LT starts by segmenting the text into sentences and tokens, which means that it breaks the text following a stringent set of rules into words and phrases. It is then able to tag these into Parts-of-Speech (POS), for example, identifying verbs, nouns, adjectives, etc. It’s also able to group things by knowing that children is the plural form of child, for example.

Now, with sentences abstracted away into Parts-of-Speech rather than worrying about what the words are, it can run its extensive suite of rules on the sentence or phrase to see if it breaks any rules.

If something is found to break a rule, LT returns the suspect along with an explanation of the rule and a suggestion for what it should be. Depending on the mistake, the wording used could be forceful (Sentences must…), or gentle (You might have meant…).

Running a server

LT can be run with a CLI, a command-line interface, and that lets me set it up to use with my Python scripts.

At a high level, the process is:

  • Install Java so you can run LanguageTool on your machine.
  • Download the LanguageTool package that includes the server JAR.
  • Start the local HTTP server on a chosen port (I use 8081).
  • Confirm it’s responding by hitting one of its test endpoints in a browser or with a simple request.
  • Point your Python script at that local server and run checks using the en-GB ruleset.
  • Shut down the server cleanly on exit.

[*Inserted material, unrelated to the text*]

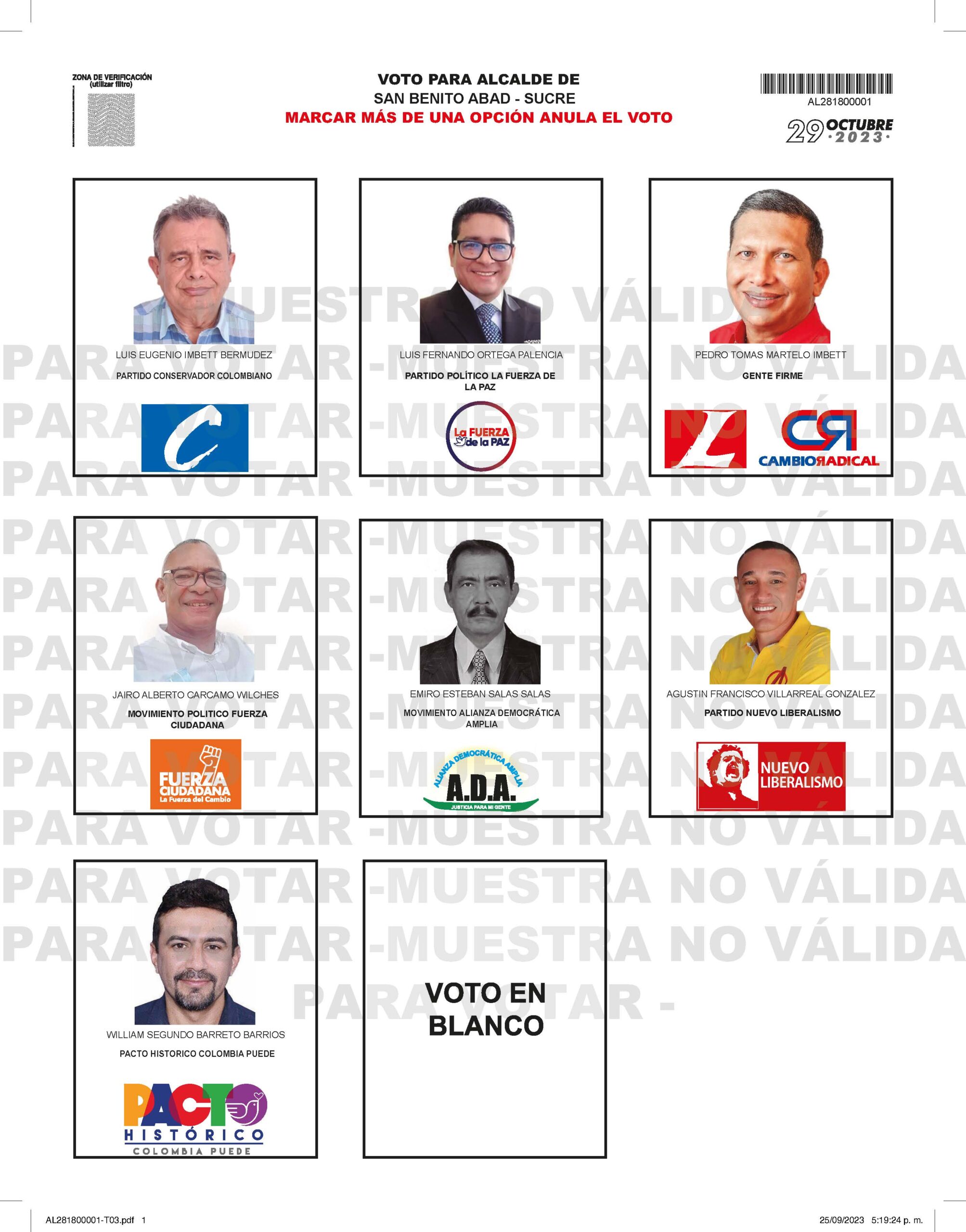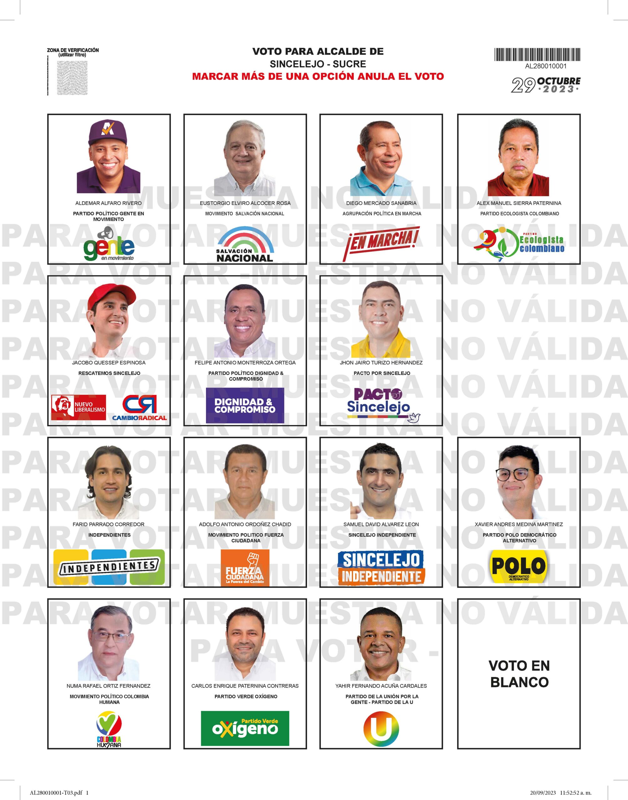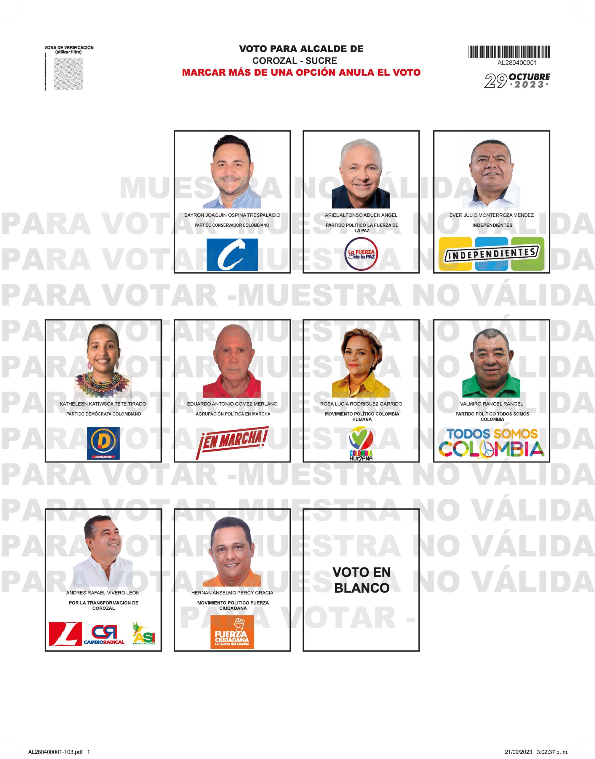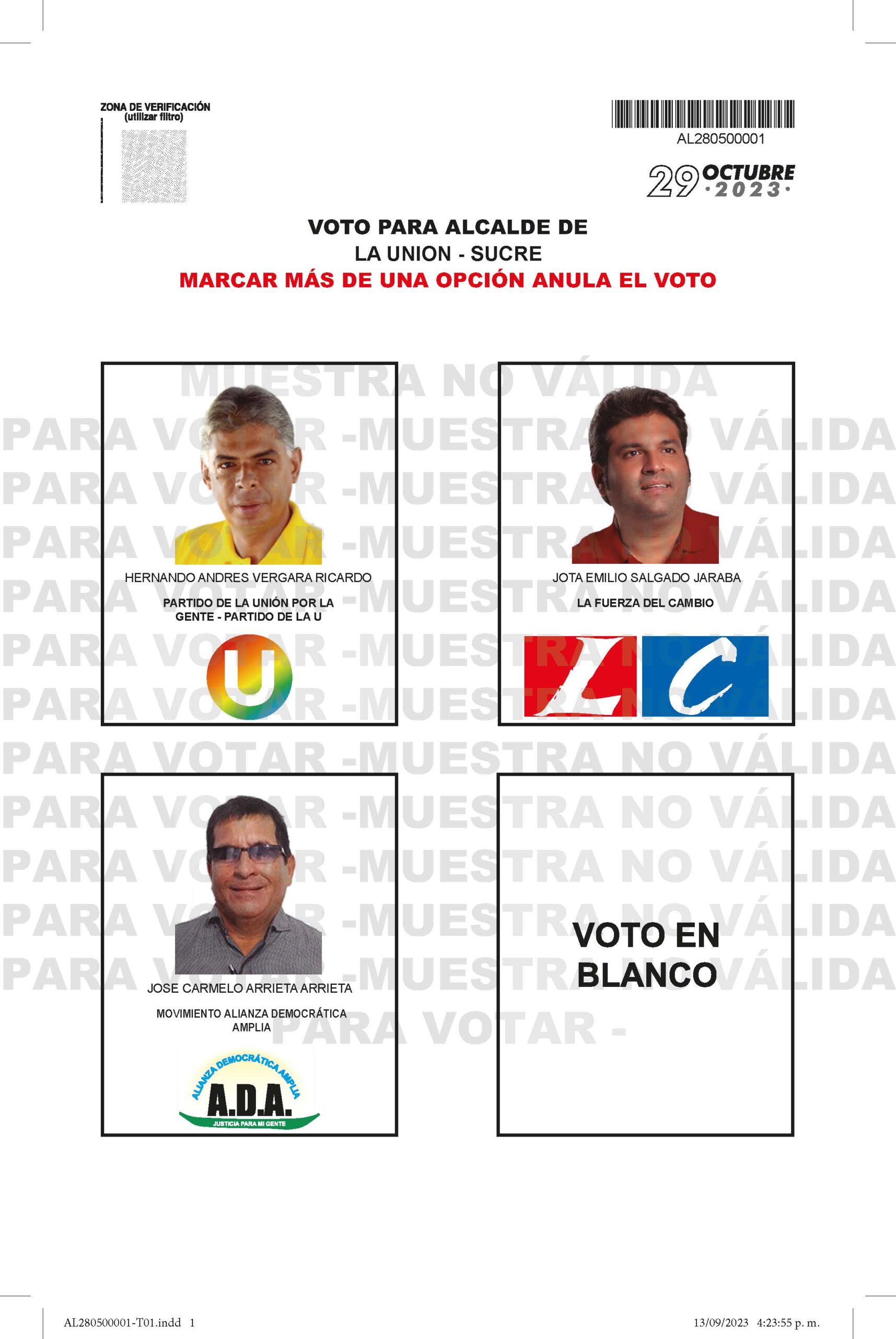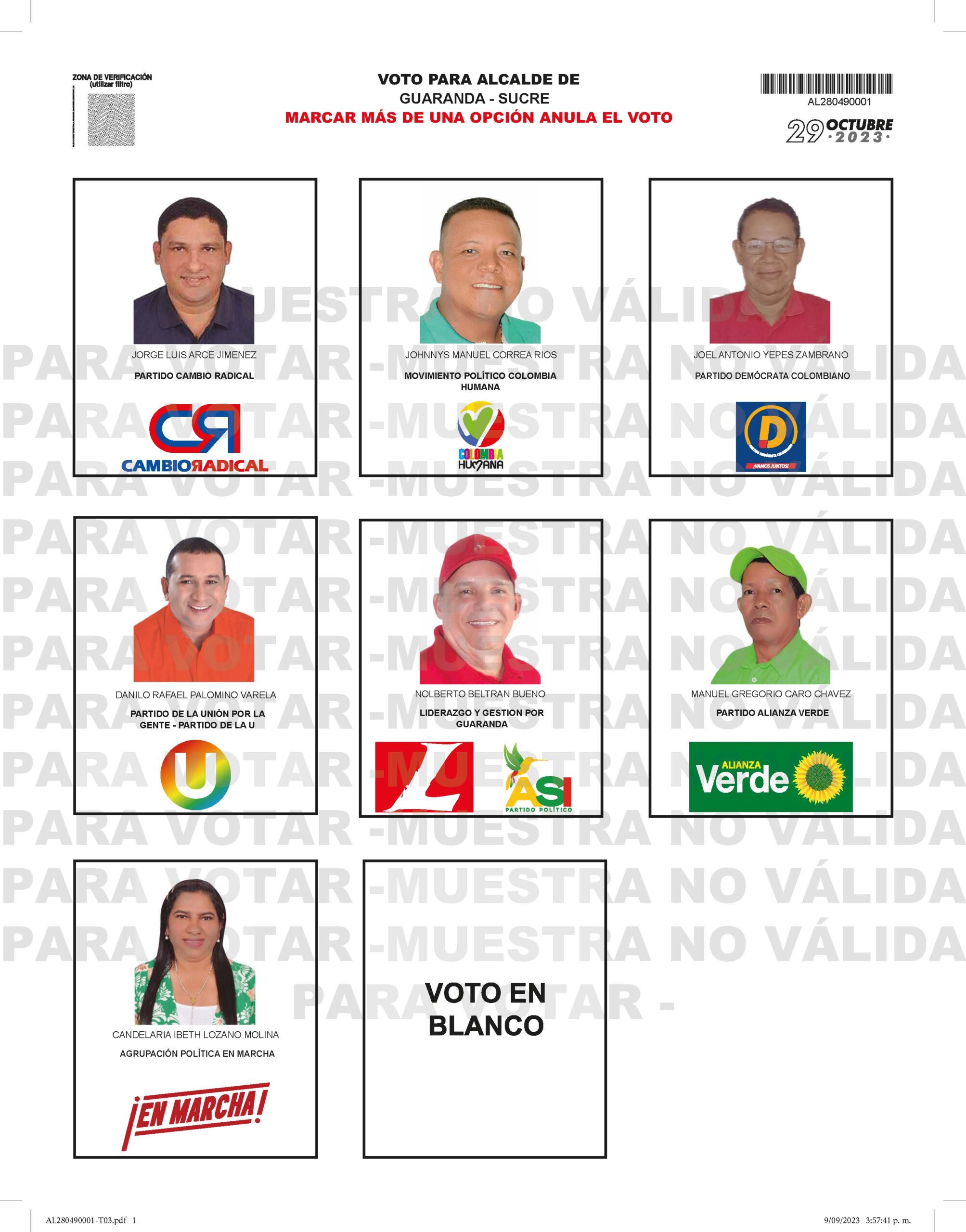 La entidad informó que hasta el pasado 8 de septiembre se dio trámite a las renuncias de candidatos, para excluirlos de estos instrumentos de votación y presentó el formato final de dichos documentos, resultando así los correspondientes a las alcaldías de los diferentes municipios del departamento de Sucre:

That’s LT, and it runs beautifully by itself, but I’ve added some extra suppressions and house rules

Suppressions and House Rules

Once LanguageTool is running, I add two layers on top to make it behave like a fiction editor rather than a schoolteacher.

Suppressions (keep the signal, drop the noise)

First, I load a small suppression list for this book. It contains:

  • ignored phrases—things that are intentionally “wrong” in context: character voice, dialect spellings, invented names, recurring wording, and stylistic tics that are part of the narrative; and
  • disabled rule IDs—specific LanguageTool checks I don’t want in this project, either because they don’t suit fiction, or because I’ve decided they’re no longer worth spending attention on for this book.

That way, the report stays readable, and I’m not re-litigating the same deliberate choices chapter after chapter, time after time.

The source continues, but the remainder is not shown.